Tourné vers le monde contemporain et l'avenir, le poète laisse derrière lui la troupe
mortifère des femmes fatales. Tel un alcool, le contact brûlant avec la modernité met
en sourdine les sentiments et éveille les sens, le désir. Bien avant l'hymne aux "sens
chéris" qui ouvre Calligrammes, le poème "Cortège'' en appelle aux "cinq sens et
quelques autres" pour créer un droit de préhension conquérante.
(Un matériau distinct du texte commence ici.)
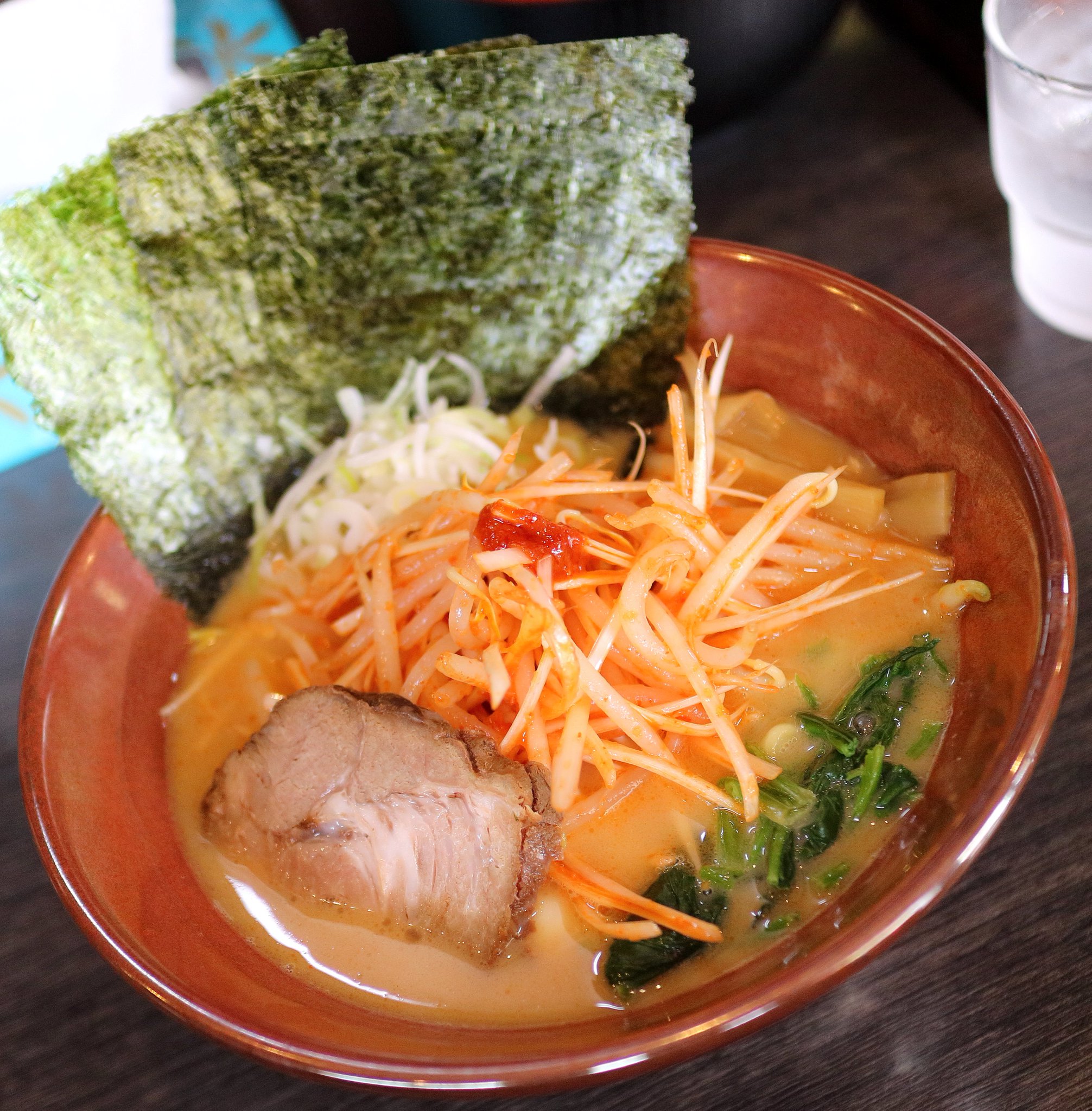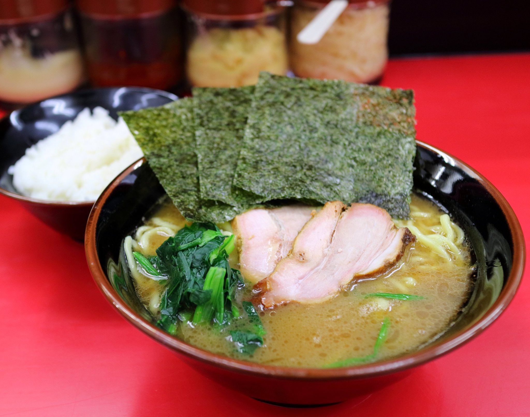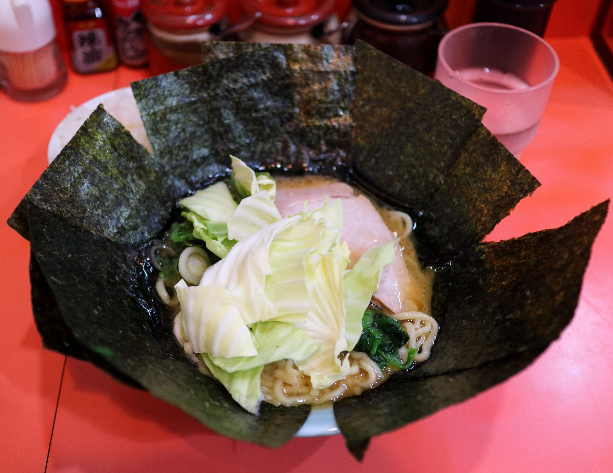 店内はお客さんが沢山入っていましたが空き席はありました。券売機でラーメン:700円とライス:50円の食券を買って席に座りました。すると店主から少し待つよう言われました。ひと段落したところで好みを聞かれたので麺かためでお願いしました。そしてラーメンが出てきました。 海苔がチャーシューの上に浮いているのでまずはこの海苔をスープの中に沈みこませます。そしてスープを飲みます。以前から感じていたことですがこのお店のスープは一番吉村家のラーメンのスープに近いように思います。吉村家の味は私は好きなので嬉しくなります。それからおろし生姜がおいてあるのも素晴らしいです。最初はそのまま食べましたが、後半はこのおろし生姜を投入して食べました。 麺を食べ終えそうになってから海苔でライスを巻いて食べましたがブラックペッパーが無かったのが残念でした。 |

Mais c'est surtout
avec les poèmes du feu à partir de 1908 (" Le Brasier", " Les Fiançailes", le début de
"Cortège" ) que s'opère l'autographie d'une renaissance et d'un renouveau poétique: le
sacrifice par le feu est initiation; la métamorphose annonce une ardeur créatrice
focalisée sur l'avenir:
Je flambe dans le brasier à l'ardeur adorable
Libéré de la poésie sentimentale rivée sur le passé, le poète découvre grâce à ses sens
ses pouvoirs visionnaires. C'est que les sens lèvent le voile sur des réalités au-delà du
monde sensible:
Comment comment réduire
L'infiniment petite science
Que m'imposent mes sens
[…]
Je voudrais éprouver une ardeur infinie
Monstre de mon ouïe tu rugis et tu pleures
Le tonnerre te sert de chevelure
Et tes griffes répètent le chant des oiseaux
Le toucher monstrueux m'a pénétré m'empoisonne
Mes yeux nagent loin de moi
Et les astres intacts sont mes maîtres sans épreuve
La bête des fumées a la tête fleurie
Et le monstre le plus beau
Ayant la saveur du laurier se désole
Ce désir de renouveau poétique est également exprimé dans "L'Emigrant du Landor
road" où la perspective des "prairies lyriques" d'Amérique a valeur de renaissance
après l'adieu désinvolte à Annie. Advient ainsi un je héroïque qui tend à gommer le
lyrisme personnel. Un élargissement cosmique fait du poète, "voleur de feu" selon le
mythe rimbaldien, un sujet lyrique souverain:
Je n'ai plus pitié de moi
Et ne puis exprimer mon tourment de silence
Et tous les mots que j'avais à dire se sont changés en étoiles
Un Icare tente de s'élever jusqu'à chacun de mes yeux
Et porteur de soleils je brûle au centre de deux nébuleuses
Une épopée du moi transcendant dessine les figures impersonnelles du poète prophète
et de l'enchanteur ressuscité. Dans "Vendémiaire", poème de l'hybris, un sacrifice
unanimiste fait couler dans un mouvement convergent tout le sang et tout le vin de
l'Europe dans "le gosier"d'un poète "ivre d'avoir bu tout l'univers".
CONCLUSION
En dépit de la persistance du passé et de la tradition revisitées, l'engouement pour le
nouveau, au-delà de ce qui est simplement et temporairement moderne, inscrit la
nouveauté dans le transitoire et dans la dynamique d'un devenir toujours autre: " Mon
idéal d'art: mes sens et mon imagination, point d'idéal, mais la vérité toujours
nouvelle". Loin de toute séchresse expérimentale, cette poétique nouvelle allie
sincérité de l'émotion et authenticité de l'invention. C'est que chez Apollinaire, l'art
poétique est en même temps poésie au premier degré. Eu égard à l'intensité du monde
contemporain et à l'effervescence des avant-gardes, le dernier élégiaque en date cède
la place au dernier ( au sens superlatif ) lyrique moderne, le plus accompli, le plus
extrême dans la quête de nouveaux domaines poétiques.